BEGIN Material for this exercise

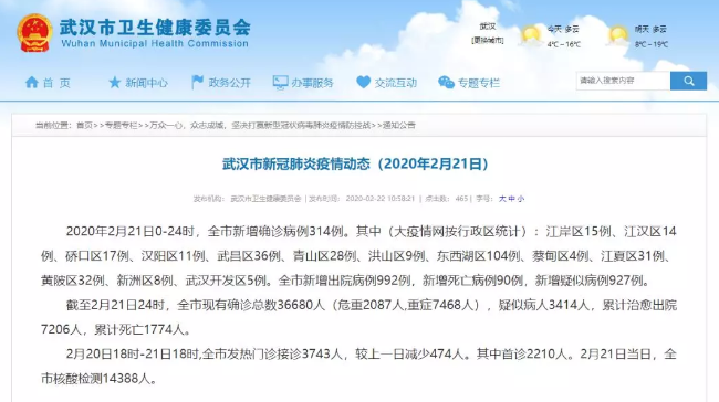 武汉市新冠肺炎疫情动态(2020年2月21日)
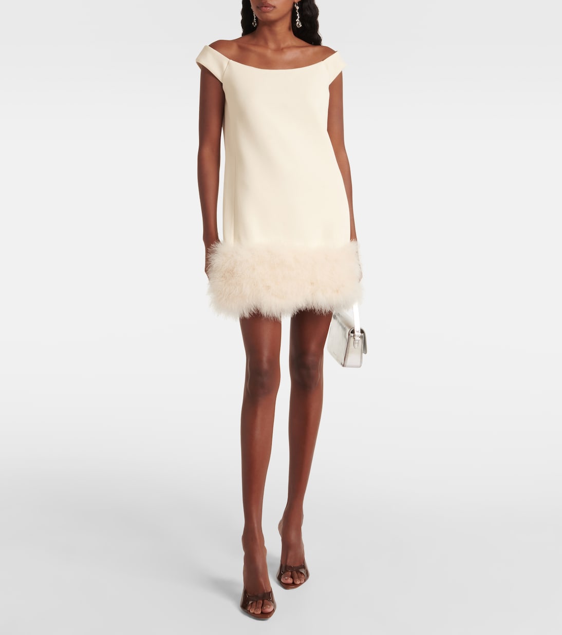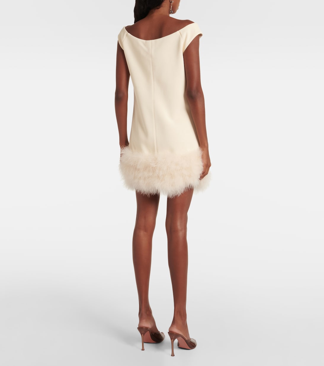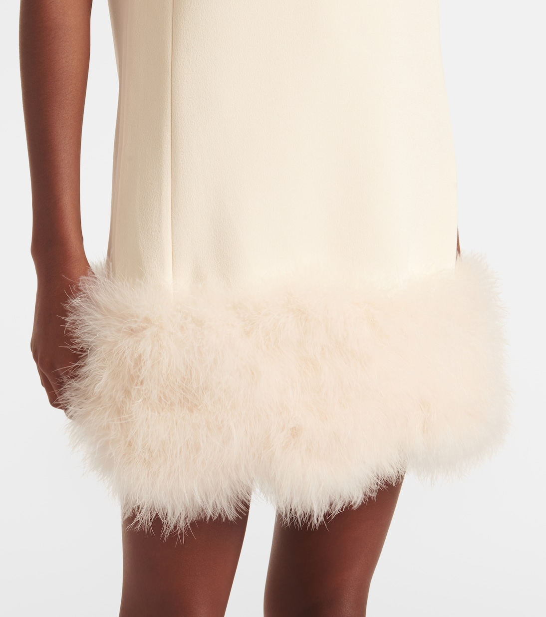 Мини-платье из крепа с отделкой из перьев Blumarine, слоновая кость
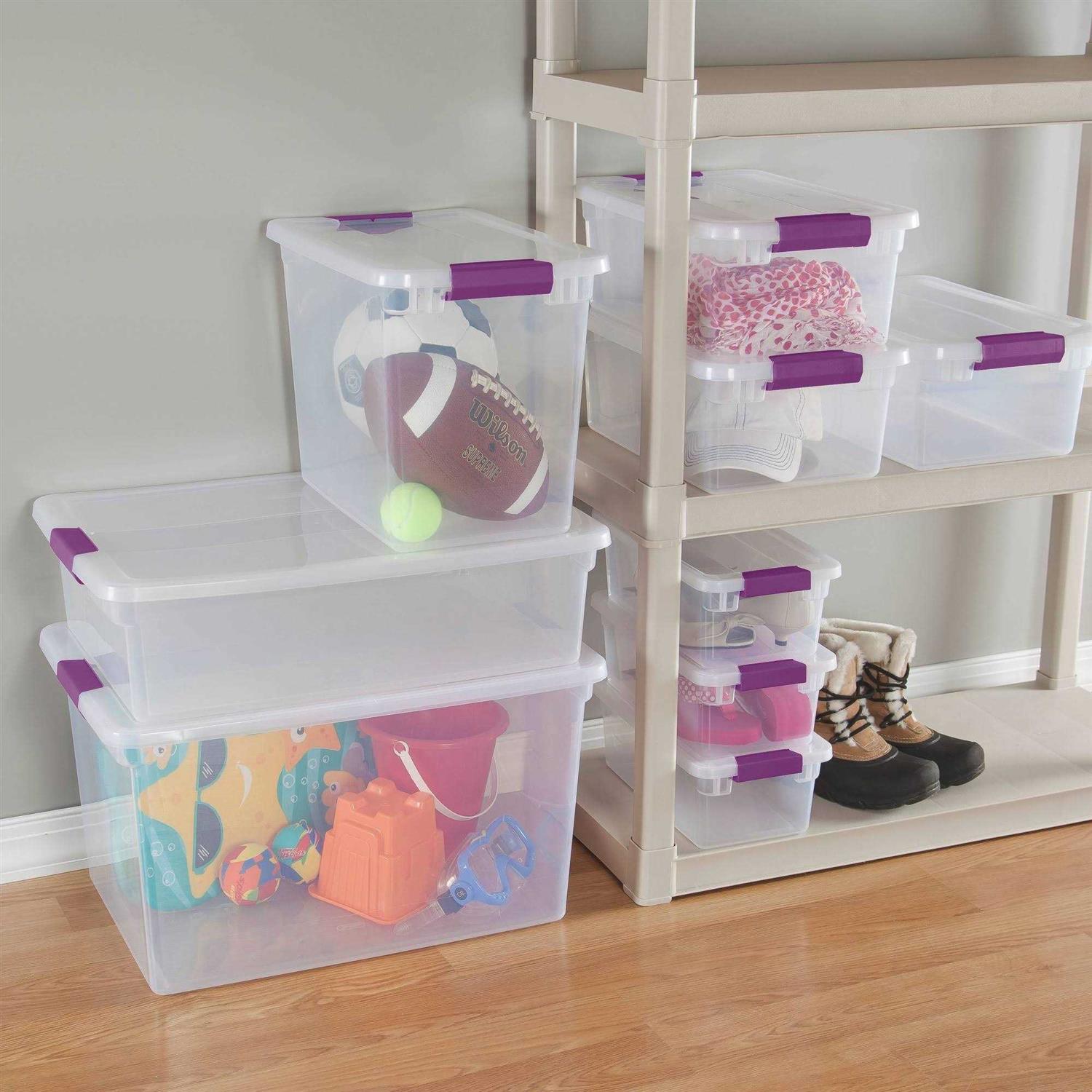 The 66 Quart ClearView Latch Box features ergonomic latches that attach the lid securely to the base, yet are still easy to unlatch. The see-through base and lid allow contents to be easily identified from any angle, and multiple bases are able to stack on top of each other. This latch storage box is ideal for storing blankets and other bulky items around the home. Sterilite ClearView Latch Boxes feature contemporary styling with ergonomic, color coordinated latches. The see through design allows for easy viewing of items. Indexed lids allow containers to stack securely for efficient storage. Common lids are used on select sizes to simplify and improve organization. Latch color adds visual appeal to everyday assortment.
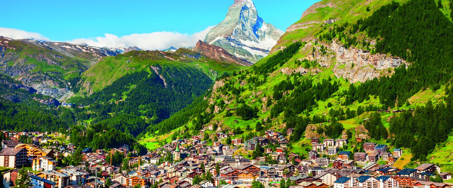 Zermatt ist eine weltberühmte Gemeinde in der Schweiz, die im Kanton Wallis liegt. Sie befindet sich am Fuß des Matterhorns, einem der bekanntesten Berge der Alpen. Zermatt ist berühmt für seine atemberaubende alpine Landschaft, die erstklassigen Skimöglichkeiten und die zahlreichen Wanderwege, die im Sommer und Winter zahlreiche Touristen anziehen. Die Gemeinde hat eine lange Geschichte als Bergsteigerdorf und wurde im 19. Jahrhundert zu einem beliebten Ziel für Reisende und Bergsteiger. Zermatt ist autofrei, was zur Erhaltung der unberührten Natur und der ruhigen Atmosphäre beiträgt.
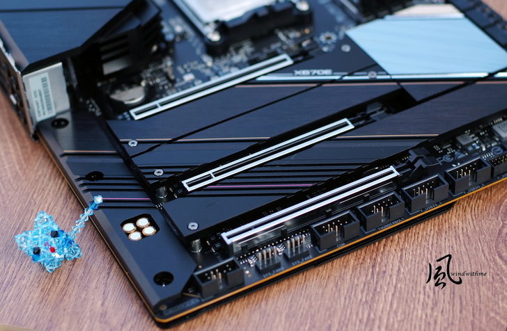 左上為8+8PIN電源輸入,左方IO配置Armor Gear藉以提升質感、保護與加強散熱等等作用,與右下晶片組上方散熱片銀色區域相同,皆採用ARGB設計,此處銀色區域顯示VALKYRIE字樣。
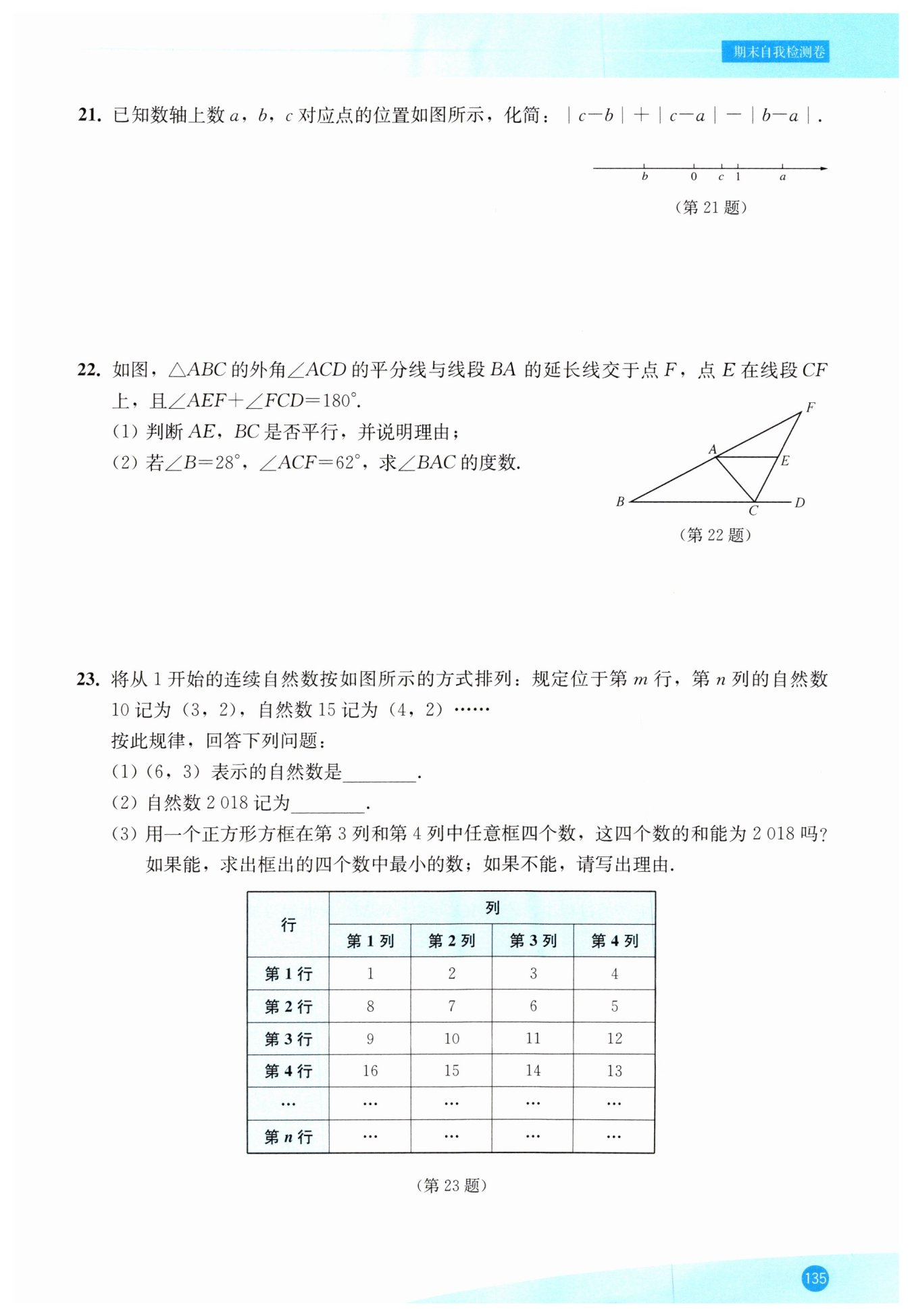 (3) 若正方形框內(nèi)第一行為奇數(shù)行,設(shè)框出的四個(gè)數(shù)中最小的數(shù)為x,則另外三個(gè)數(shù)分別為$x + 1,x + 2,x + 3$,根據(jù)題意,得$x + x + 1 + x + 2 + x + 3 = 2018$,解得$x = 503$,因?yàn)?503 = 4×125 + 3$,所以503為第126行的自然數(shù),不符合題意,舍去;若正方形框內(nèi)第一行為偶數(shù)行,設(shè)框出的四個(gè)數(shù)中最小的數(shù)為y,則另外三個(gè)數(shù)分別為$y + 1,y + 6,y + 7$,根據(jù)題意,得$y + y + 1 + y + 6 + y + 7 = 2018$,解得$y = 501$,因?yàn)?501 = 4×125 + 1$,所以501為第126行第4列的自然數(shù),符合題意,所以這四個(gè)數(shù)的和能為2018,框出的四個(gè)數(shù)中最小的數(shù)為501
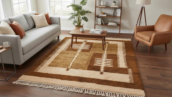 Immerse yourself in the rich cultural heritage of Morocco with this exquisite traditional Moroccan wool rug. Measuring a generous 300cm by 200cm, this piece is a testament to the timeless artistry and craftsmanship that defines Moroccan design. Its warm brown and beige tones create a harmonious palette that will effortlessly complement a variety of interior styles.
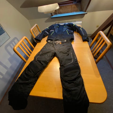 motorcykeljakke og bukser sæt i sort tekstil. Sættet består af en jakke med flere yderlommer, justerbare stropper i livet og på ærmerne samt forstærkede områder på skuldre og albuer. Bukserne har forstærkede knæpartier, lynlåse ved benafslutning og refleksdetaljer. Sættet er egnet som beskyttende motorcykelbeklædning til brug i forskellige vejrforhold.
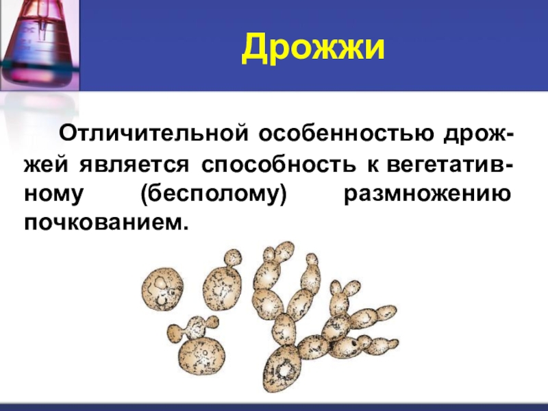 Отличительной особенностью дрож-жей является способность к вегетатив-ному (бесполому) размножению почкованием.
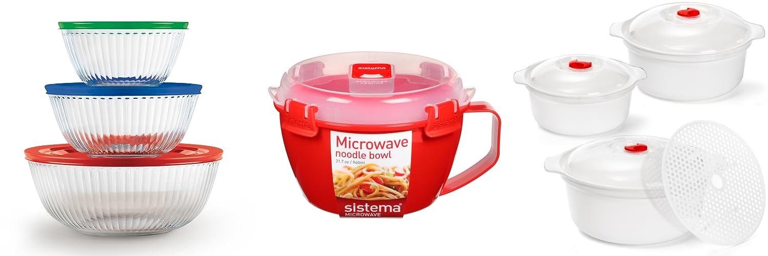 - These bowls are super useful! You can use them for cooking in the microwave, storing leftovers, or even as mixing bowls. The three sizes give you flexibility for different meals and needs.
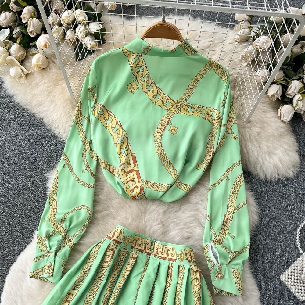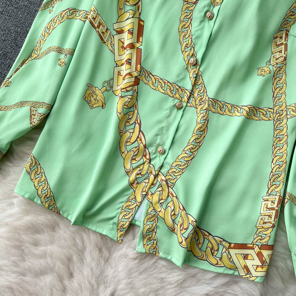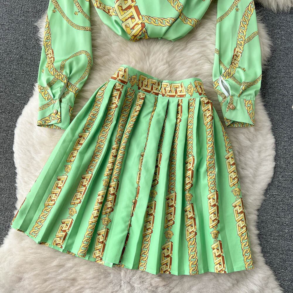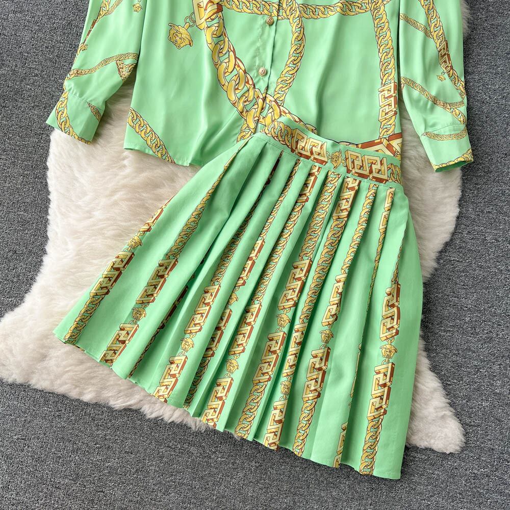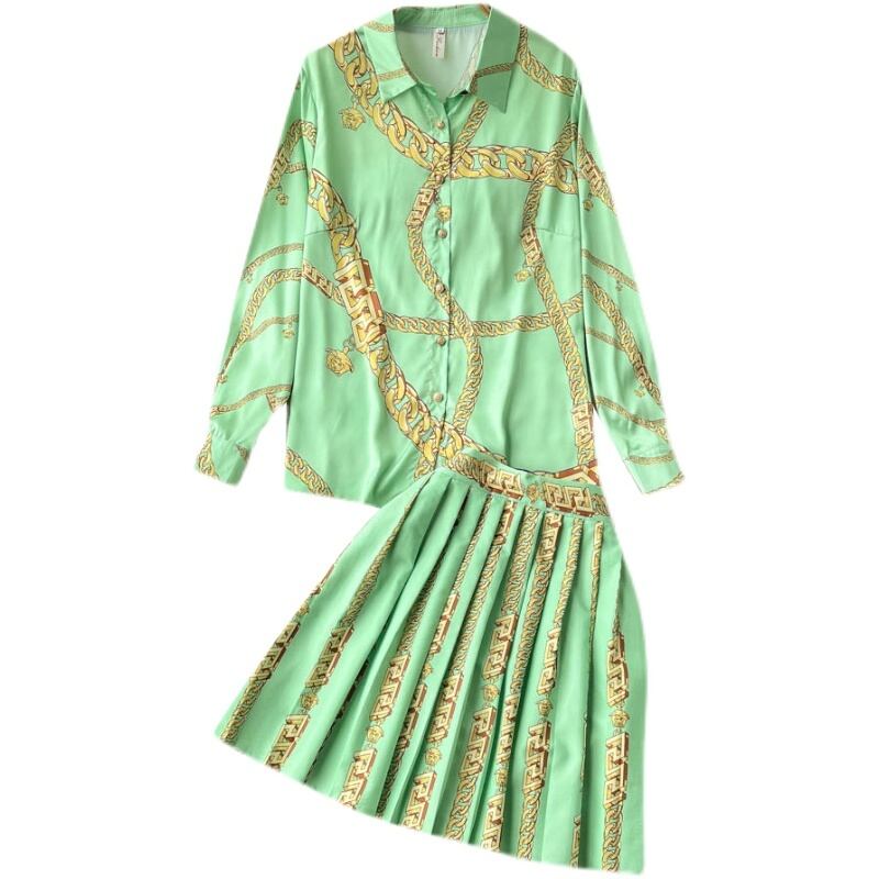 ヨーロッパとアメリカのエレガントな気質印刷ルーズで薄い高品質のシャツ春と秋のハイウエストプリーツスカートツーピースセット ハイウェスト スプリング 春物 オータム 秋物 ヨーロピアン lyxaj24642414766

END Material for this exercise

Task prompt:
Repeat exactly the lines from the first line of the records above through the line containing "The 66 Quart", both included. Leave out the pictures.

Answer box:
 武汉市新冠肺炎疫情动态(2020年2月21日)
 Мини-платье из крепа с отделкой из перьев Blumarine, слоновая кость
 The 66 Quart ClearView Latch Box features ergonomic latches that attach the lid securely to the base, yet are still easy to unlatch. The see-through base and lid allow contents to be easily identified from any angle, and multiple bases are able to stack on top of each other. This latch storage box is ideal for storing blankets and other bulky items around the home. Sterilite ClearView Latch Boxes feature contemporary styling with ergonomic, color coordinated latches. The see through design allows for easy viewing of items. Indexed lids allow containers to stack securely for efficient storage. Common lids are used on select sizes to simplify and improve organization. Latch color adds visual appeal to everyday assortment.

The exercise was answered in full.